Combined hepatocellular-cholangiocarcinoma (cHCC-CCA) is a primary liver cancer (PLC) with heterogeneous phenotypes that share common characteristics of both hepatocytic and cholangiocytic differentiation (1). cHCC-CCA is rare, with reported incidences ranging from 0.4% to 14.2% of PLCs. The World Health Organization (WHO) estimates a similar incidence at 2%–5% of PLCs (2–4). The cHCC-CCA was initially described by Allen and Lisa in 1949, nevertheless, the demographic and clinical features of these tumors remain ambiguous.
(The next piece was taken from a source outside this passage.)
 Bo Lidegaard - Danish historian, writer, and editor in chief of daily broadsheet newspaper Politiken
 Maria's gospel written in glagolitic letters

Microvascular invasion (MVI) serves as an indicator of tumor invasiveness and is an adverse prognostic factor associated with early disease recurrence and lower survival rates (5–7). MVI is characterized by the infiltration of tumor cells into small blood vessels surrounding the tumor, such as the portal vein and hepatic vein systems, indicating a more aggressive biological behavior. Some scholars posit that MVI is the first step in the development of intrahepatic or systemic metastasis in liver cancer (8, 9). Consequently, preoperative prediction of MVI would facilitate treatment planning and enhance prognosis. Hence, some researchers suggest that patients with cHCC-CCA who are predicted to have MVI should undergo anatomical liver resection, expanding the scope of lesion removal to reduce early recurrence rates (10–12). Therefore, early and accurate assessment of MVI has significant implications for treatment decisions and prognosis prediction in cHCC-CCA patients. Unfortunately, the confirmation of MVI mostly depends on histopathological examination of surgical specimens. Currently, there are limited reports on the predictive role of preoperative contrast-enhanced ultrasound (CEUS) in detecting MVI in cHCC-CCA patients (13). However, CEUS can reflect the blood perfusion of tumor tissue in real time, which has important clinical value in the diagnosis of focal liver lesions. In addition, due to the relatively small sample size, the imaging features of cHCC-CCA on CEUS and its relationship with histopathological features are not well summarized. Hence, the objective of this study is to analyze the prediction of MVI in cHCC-CCA using preoperative CEUS and clinicopathological features.
2 Methods2.1 PatientsThis retrospective study included 57 cases of cHCC-CCA patients who received medical treatment at Guizhou Provincial People’s Hospital between November 2017 and May 2023, and were confirmed by pathology. The implementation of this study has been approved by the Ethics Committee of our hospital, and informed consent of the subjects has been waived (No: 2024–032). The inclusion criteria were as follows (1): cHCC-CCA confirmed by surgery and pathology based on the 2019 WHO classification (14); (2) undergoing CEUS examination within 2 weeks prior to surgery; (3) complete preoperative clinical data available; (4) presence of MVI information in the postoperative histopathological results. The exclusion criteria were: (1) previous anti-cancer treatments such as local therapy or systemic chemotherapy; (2) presence of concurrent malignancies in other sites; (3) lack of preoperative radiological and clinical data. Figure 1 illustrates the patient recruitment process.
Figure 1. Flowchart of patient selection process. CEUS, contrast-enhanced ultrasound; cHCC-CCA, combined hepatocellular-cholangiocarcinoma; MVI, microvascular invasion.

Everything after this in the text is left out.